Correct answer: "It depends—check if it's in billing_v1."

Failure Mode 2: Breaking config file coherence

Original config:
database:
  host: ${DB_HOST}
  port: 5432
  pool_size: 20  # Required for production
  ssl_mode: verify-full  # Do NOT change

What the chunker produces:
  Chunk 1: "database:\n  host: ${DB_HOST}\n  port: 5432"
  Chunk 2: "pool_size: 20  # Required for production\n  ssl_mode..."

Query: "What database config do I need for production?"
Retrieved: Chunk 1 (higher similarity to "database config")
Answer: Missing pool_size and ssl_mode—both critical.

Failure Mode 3: Separating anti-patterns from solutions

Original anti-pattern doc:
"DON'T: Use SELECT * in production queries.
This causes schema drift issues when columns are added.

DO: Explicitly list required columns.
SELECT id, name, email FROM users WHERE..."

What the chunker produces:
  Chunk 1: "DON'T: Use SELECT * in production queries..."
  Chunk 2: "DO: Explicitly list required columns..."

Query: "How should I write SQL queries?"
Retrieved: Either chunk, but not both
Answer: Missing either the anti-pattern or the solution.

Failure Mode 4: Losing temporal context

Original deprecation notice:
"The v1 API is deprecated as of 2024-01-15.
All new integrations must use v2.
Existing v1 integrations have until 2024-06-01 to migrate."

What the chunker produces:
  Chunk 1: "The v1 API is deprecated as of 2024-01-15."
  Chunk 2: "All new integrations must use v2. Existing..."

Query: "Can I use the v1 API?"
Retrieved: Chunk 1
Answer: "The v1 API is deprecated."
Correct answer: "Depends on when and whether you're new or existing."

Why Tuning Parameters Doesn't Fix This

The instinct is to tune: smaller chunks, bigger chunks, more overlap, less overlap. None of it works—because the problem isn't parameter tuning. It's a modeling problem.

The core issue: Generic chunkers optimize for token distribution. Your internal docs encode semantic relationships that don't map to token boundaries.

Smaller chunks → more fragmentation, more context loss
Bigger chunks → fewer chunks retrieved, key details buried
More overlap → duplicated text, wasted context window
Less overlap → harder boundaries, same fragmentation

You can't tune your way out of a fundamental mismatch between the chunker's assumptions and your content's structure.

What to Do Instead

The fix isn't better parameters. It's treating chunking as knowledge modeling—not text processing.

1. Define semantic boundaries

What are the natural units of knowledge in your corpus? Policies. API endpoints. Config schemas. Anti-patterns. Each of these is a semantic unit that should stay together.

2. Build type-aware extractors

Instead of one generic splitter, build extractors for each content type. An API doc extractor keeps endpoint + auth + schema + example together. A policy extractor keeps rule + exception + effective date together.

3. Preserve relationships explicitly

When you must split, preserve parent-child relationships in metadata. Tag chunks with parent_chunk_id, relationship_type, retrieve_with_parent.

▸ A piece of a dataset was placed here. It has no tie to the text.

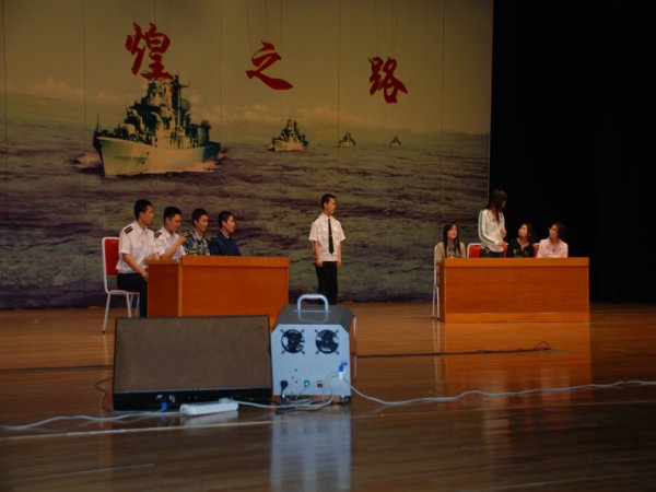 随着国旗护卫队庄严的迎军旗仪式,晚会正式开始。整场晚会带着鲜明的国防教育色彩,将生活中的国防生真实地展示给观众:诗朗诵《海韵》展现了国防生的内心独白;原创吉他弹唱《情伤》表达了他们的情感生活;话剧《向中国人敬礼》抒发了他们无比的爱国热忱;戏曲联唱令票友们一饱耳福;小品相声更令观众捧腹不止。此外,观众还共同回顾了海军建军60年的发展历程,观看09年海上大阅兵,感受新时代中国海军的热情与活力!
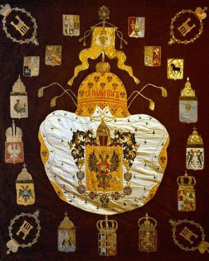 Keywords: Plafond of suspended coronation canopy (1896, Kremlin).jpg Плафон от подвесного ко онационного балдахина Россия 1896 г Ба хат атлас глазет золотный шну блестки фольга золотные и шелковые нити металл; ткачество шитье аппликация Плафон от подвесного или висячего балдахина в Успенском собо е был создан к ко онации импе ато а иколая II и импе ат ицы Александ ы Федо овны По т адиции ведущей свое начало с ко онации 1724 г он выполнен из малинового ба хата; в цент е его помещен ге б Российской импе ии выполненный в технике аппликации а по углам вензели импе ато а в ок ужении цепи о дена Святого Анд ея Пе возванного Элементы ге ба выполнены из глазета и азноцветного атласа и вышиты с использованием фольги золотными и шелковыми нитями и блестками Все золотошвейные аботы были выполнены монахинями т ех московских монасты ей Вознесенского оводевичьего и Алексеевского http //www kreml ru/exhibitions/virtual-exhibitions koronatsii-v-moskovskom-kremle/koronatsiya-nikolaya-ii/ 1896 монахини т ех московских монасты ей - Вознесенского оводевичьего и Алексеевского Coronations Kremlin exhibition 2013 Files uploaded by Shakko from various sources 1896 works Coronation of Nicholas II of Russia Textiles in the Museums of Moscow Kremlin Coats of arms of the Russian empire PD-old

4. Add organizational metadata

Embed the context that chunkers can't infer: doc_type, status, effective_date, team, deprecated. Let retrieval filter before similarity.

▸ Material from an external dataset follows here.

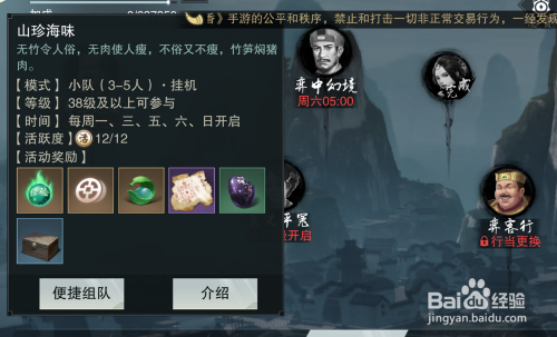 第一步,点击右上角活动按钮,点击山珍海味,自动寻路去接取任务。

5. Test chunking, not just retrieval

Write tests that verify: given this source document, does chunking produce the expected semantic units? Given this query, does retrieval return complete context?

A Diagnostic Checklist

Before you blame your embeddings or reranker, check these:

Audit 10 failure cases. For each, trace back: what chunk was retrieved? What was missing?
Check rule/exception separation. Take 5 policies with exceptions. Are they in the same chunk?
Check config coherence. Take 3 config files. Are related keys in the same chunk?
Check anti-pattern completeness. Do anti-pattern docs retrieve with their solutions?
Check temporal context. Do deprecation notices include effective dates and migration paths?

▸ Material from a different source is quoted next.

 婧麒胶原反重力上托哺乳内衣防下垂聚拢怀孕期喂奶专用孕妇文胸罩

If any of these fail, no amount of downstream tuning will fix your system. The problem is upstream.

The takeaway

Off-the-shelf chunkers work for public corpora because public content is descriptive. Internal content is prescriptive—rules, policies, constraints, exceptions. These require semantic chunking, not token splitting. Overlap and size tuning cannot fix a modeling problem.

What's one policy document in your system where you know the chunking is wrong? Start the audit there.